Mixed-domain training Joint training on Wikipedia + Code does not hurt single-domain performance while improving cross-domain generalization.
vs. REPLUG Revela outperforms REPLUG at all scales; joint optimization is superior to a frozen LM.
Cross-domain generalization Revela trained on Wikipedia surpasses commercial APIs on unseen reasoning-intensive tasks in BRIGHT.

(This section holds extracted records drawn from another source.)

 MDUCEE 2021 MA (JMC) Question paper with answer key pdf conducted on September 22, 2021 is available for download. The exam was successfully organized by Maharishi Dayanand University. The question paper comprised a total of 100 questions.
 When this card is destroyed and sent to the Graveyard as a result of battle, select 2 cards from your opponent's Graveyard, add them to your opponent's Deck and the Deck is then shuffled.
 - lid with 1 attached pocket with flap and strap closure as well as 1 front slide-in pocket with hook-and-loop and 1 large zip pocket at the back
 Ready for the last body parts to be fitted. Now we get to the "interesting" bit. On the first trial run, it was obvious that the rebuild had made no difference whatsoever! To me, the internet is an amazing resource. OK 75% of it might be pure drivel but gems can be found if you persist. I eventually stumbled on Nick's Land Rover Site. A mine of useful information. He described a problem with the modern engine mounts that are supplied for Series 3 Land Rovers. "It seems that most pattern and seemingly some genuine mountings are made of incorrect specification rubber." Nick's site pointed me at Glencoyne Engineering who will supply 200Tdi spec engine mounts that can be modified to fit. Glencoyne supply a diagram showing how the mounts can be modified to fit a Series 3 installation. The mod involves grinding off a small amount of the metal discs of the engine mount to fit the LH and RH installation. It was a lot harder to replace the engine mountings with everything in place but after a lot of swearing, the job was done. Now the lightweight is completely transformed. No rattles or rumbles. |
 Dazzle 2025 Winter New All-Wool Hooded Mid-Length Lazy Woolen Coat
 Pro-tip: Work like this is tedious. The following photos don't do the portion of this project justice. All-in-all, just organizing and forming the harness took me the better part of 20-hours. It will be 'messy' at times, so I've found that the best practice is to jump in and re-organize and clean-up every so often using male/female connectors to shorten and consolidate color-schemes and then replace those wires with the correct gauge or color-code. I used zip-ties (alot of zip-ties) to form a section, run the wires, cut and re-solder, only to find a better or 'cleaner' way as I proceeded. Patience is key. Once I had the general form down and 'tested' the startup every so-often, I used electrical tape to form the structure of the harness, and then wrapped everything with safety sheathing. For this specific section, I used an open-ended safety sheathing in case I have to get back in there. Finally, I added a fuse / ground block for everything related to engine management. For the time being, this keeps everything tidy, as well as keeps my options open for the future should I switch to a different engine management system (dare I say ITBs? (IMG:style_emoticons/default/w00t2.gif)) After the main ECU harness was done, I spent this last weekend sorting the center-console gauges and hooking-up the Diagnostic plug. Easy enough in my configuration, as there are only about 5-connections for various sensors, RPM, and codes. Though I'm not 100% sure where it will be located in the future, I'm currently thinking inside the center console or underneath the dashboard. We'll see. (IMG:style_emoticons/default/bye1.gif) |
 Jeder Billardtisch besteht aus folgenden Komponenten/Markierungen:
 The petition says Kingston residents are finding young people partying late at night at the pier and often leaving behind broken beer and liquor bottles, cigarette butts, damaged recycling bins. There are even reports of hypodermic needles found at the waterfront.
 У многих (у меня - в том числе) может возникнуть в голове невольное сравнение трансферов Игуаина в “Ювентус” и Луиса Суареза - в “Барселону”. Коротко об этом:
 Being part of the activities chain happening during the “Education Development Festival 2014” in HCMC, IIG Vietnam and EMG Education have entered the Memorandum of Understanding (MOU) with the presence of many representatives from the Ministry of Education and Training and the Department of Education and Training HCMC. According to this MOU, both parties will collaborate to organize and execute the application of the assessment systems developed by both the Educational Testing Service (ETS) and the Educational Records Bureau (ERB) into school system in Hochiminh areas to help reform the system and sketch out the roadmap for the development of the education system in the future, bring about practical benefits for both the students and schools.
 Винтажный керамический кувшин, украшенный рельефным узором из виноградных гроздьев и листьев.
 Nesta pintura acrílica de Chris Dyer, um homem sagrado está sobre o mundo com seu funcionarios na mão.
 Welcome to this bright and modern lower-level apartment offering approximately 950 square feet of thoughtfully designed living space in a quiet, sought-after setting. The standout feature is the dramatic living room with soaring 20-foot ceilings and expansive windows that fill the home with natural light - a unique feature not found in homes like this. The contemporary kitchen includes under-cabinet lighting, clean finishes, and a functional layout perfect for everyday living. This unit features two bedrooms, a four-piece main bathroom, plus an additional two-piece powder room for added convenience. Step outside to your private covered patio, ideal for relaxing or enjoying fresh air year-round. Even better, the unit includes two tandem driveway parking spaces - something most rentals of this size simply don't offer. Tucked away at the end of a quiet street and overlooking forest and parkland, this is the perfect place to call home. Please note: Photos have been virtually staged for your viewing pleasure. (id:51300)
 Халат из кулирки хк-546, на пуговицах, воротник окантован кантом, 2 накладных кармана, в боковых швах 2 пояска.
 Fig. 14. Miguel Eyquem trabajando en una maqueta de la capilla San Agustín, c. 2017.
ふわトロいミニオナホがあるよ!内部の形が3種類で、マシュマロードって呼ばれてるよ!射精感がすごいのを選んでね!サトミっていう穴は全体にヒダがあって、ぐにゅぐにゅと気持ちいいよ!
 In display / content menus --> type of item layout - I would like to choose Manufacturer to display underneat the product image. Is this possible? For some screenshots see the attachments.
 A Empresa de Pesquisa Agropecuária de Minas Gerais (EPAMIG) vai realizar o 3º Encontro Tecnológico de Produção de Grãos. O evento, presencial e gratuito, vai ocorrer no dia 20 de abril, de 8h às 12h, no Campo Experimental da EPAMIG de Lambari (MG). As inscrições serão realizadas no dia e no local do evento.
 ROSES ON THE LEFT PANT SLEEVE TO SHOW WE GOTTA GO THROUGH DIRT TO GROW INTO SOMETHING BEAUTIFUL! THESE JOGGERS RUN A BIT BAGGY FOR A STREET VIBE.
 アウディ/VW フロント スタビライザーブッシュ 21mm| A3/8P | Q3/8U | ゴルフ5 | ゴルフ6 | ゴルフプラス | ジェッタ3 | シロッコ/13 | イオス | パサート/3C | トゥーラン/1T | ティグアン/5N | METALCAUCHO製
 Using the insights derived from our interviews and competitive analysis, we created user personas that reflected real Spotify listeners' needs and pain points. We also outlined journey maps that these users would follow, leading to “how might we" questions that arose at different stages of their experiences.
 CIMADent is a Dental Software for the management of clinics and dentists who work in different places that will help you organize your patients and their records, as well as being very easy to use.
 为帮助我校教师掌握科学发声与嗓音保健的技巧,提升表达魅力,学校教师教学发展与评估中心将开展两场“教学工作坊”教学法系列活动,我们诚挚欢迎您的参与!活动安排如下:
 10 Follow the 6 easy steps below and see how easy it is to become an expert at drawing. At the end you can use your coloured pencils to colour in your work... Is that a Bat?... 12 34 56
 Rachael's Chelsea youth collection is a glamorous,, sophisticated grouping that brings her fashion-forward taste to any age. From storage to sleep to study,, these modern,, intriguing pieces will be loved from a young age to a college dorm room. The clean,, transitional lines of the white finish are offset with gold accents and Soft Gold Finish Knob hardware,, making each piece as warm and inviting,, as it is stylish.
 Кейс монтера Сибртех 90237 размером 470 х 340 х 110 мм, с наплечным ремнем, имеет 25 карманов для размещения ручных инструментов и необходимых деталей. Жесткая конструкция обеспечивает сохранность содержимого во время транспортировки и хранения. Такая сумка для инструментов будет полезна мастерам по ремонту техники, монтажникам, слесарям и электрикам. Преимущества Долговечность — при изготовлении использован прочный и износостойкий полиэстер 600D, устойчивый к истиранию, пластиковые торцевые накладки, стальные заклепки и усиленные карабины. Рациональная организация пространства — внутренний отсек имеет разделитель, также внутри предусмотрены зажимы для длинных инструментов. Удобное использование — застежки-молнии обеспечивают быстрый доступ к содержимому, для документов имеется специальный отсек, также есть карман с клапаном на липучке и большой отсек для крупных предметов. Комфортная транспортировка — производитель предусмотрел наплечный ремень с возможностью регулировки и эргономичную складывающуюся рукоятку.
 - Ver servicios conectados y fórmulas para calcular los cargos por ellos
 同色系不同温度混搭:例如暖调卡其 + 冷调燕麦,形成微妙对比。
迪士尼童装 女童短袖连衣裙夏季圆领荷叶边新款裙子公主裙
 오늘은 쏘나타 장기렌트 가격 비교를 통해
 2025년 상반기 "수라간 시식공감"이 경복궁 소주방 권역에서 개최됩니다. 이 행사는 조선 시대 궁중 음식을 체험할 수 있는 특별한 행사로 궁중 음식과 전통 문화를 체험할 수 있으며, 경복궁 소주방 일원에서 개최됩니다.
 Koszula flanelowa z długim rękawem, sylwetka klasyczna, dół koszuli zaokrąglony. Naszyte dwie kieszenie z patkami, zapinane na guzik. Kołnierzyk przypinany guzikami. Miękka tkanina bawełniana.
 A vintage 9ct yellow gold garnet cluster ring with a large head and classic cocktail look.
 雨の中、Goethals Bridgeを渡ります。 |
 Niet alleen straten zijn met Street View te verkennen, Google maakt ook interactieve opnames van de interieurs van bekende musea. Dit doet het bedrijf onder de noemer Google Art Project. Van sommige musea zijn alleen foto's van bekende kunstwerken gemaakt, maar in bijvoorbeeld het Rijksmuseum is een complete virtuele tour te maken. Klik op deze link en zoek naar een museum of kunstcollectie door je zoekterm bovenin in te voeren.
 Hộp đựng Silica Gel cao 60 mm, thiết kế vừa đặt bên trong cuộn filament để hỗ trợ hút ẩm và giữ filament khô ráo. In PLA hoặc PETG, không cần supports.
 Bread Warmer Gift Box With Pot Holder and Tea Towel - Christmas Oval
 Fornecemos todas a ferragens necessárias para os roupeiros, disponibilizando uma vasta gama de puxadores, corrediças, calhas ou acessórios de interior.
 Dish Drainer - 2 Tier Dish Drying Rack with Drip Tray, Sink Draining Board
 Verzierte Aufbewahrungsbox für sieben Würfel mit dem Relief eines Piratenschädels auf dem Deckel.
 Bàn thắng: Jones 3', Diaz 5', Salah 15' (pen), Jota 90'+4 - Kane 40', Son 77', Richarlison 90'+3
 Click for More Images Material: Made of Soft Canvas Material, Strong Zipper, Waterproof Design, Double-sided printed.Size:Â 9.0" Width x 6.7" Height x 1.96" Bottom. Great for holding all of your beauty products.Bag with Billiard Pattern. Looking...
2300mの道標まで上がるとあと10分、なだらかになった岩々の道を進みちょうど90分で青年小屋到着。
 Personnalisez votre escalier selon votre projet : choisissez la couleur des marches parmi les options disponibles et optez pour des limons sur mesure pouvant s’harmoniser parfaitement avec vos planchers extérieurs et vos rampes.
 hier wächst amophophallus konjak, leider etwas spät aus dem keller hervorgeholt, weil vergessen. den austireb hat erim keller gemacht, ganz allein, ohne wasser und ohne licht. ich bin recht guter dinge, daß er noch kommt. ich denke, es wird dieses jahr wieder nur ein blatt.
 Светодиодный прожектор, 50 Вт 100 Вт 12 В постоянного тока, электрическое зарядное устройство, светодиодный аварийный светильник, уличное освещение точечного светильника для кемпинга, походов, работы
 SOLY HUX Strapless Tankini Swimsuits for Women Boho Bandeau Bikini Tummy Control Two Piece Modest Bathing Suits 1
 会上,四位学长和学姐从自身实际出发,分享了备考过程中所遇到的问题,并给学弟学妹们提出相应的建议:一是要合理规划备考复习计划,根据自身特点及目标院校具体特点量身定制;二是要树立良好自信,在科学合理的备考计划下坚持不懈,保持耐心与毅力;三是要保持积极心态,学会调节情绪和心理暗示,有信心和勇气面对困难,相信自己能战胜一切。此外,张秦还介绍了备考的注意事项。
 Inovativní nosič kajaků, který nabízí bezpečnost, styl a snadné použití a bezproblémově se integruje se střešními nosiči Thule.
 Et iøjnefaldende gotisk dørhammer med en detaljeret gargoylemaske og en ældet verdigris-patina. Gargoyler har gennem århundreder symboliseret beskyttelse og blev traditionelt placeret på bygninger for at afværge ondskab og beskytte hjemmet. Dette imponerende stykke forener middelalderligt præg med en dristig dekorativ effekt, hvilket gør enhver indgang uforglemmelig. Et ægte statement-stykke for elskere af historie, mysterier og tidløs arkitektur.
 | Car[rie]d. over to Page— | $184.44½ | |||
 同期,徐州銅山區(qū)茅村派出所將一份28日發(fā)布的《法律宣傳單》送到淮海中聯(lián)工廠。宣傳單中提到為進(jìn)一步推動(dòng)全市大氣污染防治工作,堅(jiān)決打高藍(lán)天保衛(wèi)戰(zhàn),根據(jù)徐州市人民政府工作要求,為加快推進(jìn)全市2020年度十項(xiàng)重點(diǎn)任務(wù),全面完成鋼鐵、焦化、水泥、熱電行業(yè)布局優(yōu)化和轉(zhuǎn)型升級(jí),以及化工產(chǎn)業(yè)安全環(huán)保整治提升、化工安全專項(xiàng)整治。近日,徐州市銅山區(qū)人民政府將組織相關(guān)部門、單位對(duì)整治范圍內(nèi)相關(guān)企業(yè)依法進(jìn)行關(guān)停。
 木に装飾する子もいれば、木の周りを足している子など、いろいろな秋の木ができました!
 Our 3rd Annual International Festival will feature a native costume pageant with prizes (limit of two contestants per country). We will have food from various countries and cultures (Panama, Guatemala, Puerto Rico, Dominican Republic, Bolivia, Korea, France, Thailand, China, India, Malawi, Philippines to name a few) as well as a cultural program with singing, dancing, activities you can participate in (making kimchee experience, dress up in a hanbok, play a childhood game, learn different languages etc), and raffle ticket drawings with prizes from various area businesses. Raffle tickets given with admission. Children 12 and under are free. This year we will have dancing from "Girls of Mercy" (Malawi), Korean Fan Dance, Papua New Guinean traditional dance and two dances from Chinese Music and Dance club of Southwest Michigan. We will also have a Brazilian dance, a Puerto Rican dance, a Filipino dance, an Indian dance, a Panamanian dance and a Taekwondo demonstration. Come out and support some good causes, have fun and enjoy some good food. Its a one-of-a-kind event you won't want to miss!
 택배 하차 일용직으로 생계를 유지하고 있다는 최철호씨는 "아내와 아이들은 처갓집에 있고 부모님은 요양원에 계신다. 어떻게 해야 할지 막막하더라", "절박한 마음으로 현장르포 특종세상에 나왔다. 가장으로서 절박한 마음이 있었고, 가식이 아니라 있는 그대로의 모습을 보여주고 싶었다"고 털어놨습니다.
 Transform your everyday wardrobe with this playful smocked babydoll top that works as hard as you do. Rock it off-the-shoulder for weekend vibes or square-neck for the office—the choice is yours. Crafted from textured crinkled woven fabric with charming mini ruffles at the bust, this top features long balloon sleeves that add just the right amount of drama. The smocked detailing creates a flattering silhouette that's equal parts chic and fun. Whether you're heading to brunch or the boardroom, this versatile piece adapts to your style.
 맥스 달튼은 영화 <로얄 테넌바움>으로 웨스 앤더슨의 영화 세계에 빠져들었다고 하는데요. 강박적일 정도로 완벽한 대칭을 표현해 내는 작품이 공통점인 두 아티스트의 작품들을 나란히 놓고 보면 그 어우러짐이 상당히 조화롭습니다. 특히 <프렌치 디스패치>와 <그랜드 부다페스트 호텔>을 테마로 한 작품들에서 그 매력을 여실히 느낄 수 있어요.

Detailed CoIR Results (nDCG@10)

Method Scale Avg. nDCG@10
UniXCoder (supervised) 0.1B baseline
Revela 0.1B +11.1
E5-PT (weakly supervised, 270M pairs) 0.3B baseline
Revela 0.5B +9.7
BGE-M3 (supervised) 0.6B baseline
Revela 0.5B surpasses
E5-Mistral-7B (supervised) 7B baseline
Revela 3B +2.8

Highlights & Insights

  • The NTP→retrieval analogy is both natural and effective: inter-token dependencies ↔ inter-document dependencies.
  • Power of joint optimization: REPLUG relies on perplexity from a frozen LM, which is often poorly calibrated; Revela's joint updates address this fundamental issue.
  • Remarkable data efficiency: ~1000× less data and ~10× less compute suffice to achieve unsupervised SOTA on BEIR—demonstrating that method design matters more than data scaling.
  • Cross-domain generalization: Stronger than traditional contrastive learning methods, as the NTP objective captures more general "semantic dependencies" rather than superficial co-occurrence.

Limitations & Future Work

  • Performance is sensitive to batch size; a sufficiently large batch (16+) is required, which may become a bottleneck under resource constraints.
  • In-batch attention increases training-time computational overhead, as each sequence must attend to all other sequences in the batch.
  • Only text and code retrieval have been validated; multimodal retrieval (image, audio, etc.) remains unexplored.
  • The effect of chunk segmentation strategies (sentence boundaries, fixed length, etc.) on performance has not been thoroughly analyzed.
  • For very long documents (>2048 tokens), the current chunking approach may lose long-range dependencies.
  • vs. Contriever (Izacard et al.): Contriever uses contrastive learning (same document = positive, cross-document = negative); Revela models cross-document conditional probabilities via NTP, capturing "why two documents are related" more precisely.
  • vs. Atlas (Izacard et al.): Atlas trains the retriever using cross-attention signals from an encoder-decoder architecture and requires periodic re-indexing; Revela uses a decoder-only model with in-batch attention, which is more efficient and requires no re-indexing.
  • vs. REPLUG (Shi et al.): REPLUG distills a frozen LM via perplexity; Revela trains jointly—experiments confirm joint training is significantly superior at all scales.
  • vs. E5-PT (Wang et al.): E5-PT trains on 270M weakly supervised pairs, whereas Revela learns from raw text alone—demonstrating that a well-designed objective can substitute for large volumes of labeled data.
  • Broader Inspiration: The in-batch attention paradigm can generalize to any setting requiring modeling of "intra-set relationships," such as multi-document summarization and cross-modal retrieval.

Rating

  • Novelty: ⭐⭐⭐⭐⭐ The paradigm of learning retrieval via NTP is highly original.
  • Experimental Thoroughness: ⭐⭐⭐⭐⭐ Three benchmarks, multi-scale evaluation, and scaling analysis.
  • Writing Quality: ⭐⭐⭐⭐ Motivation is clear and formulations are rigorous.
  • Value: ⭐⭐⭐⭐⭐ Provides a powerful new paradigm for self-supervised retrieval.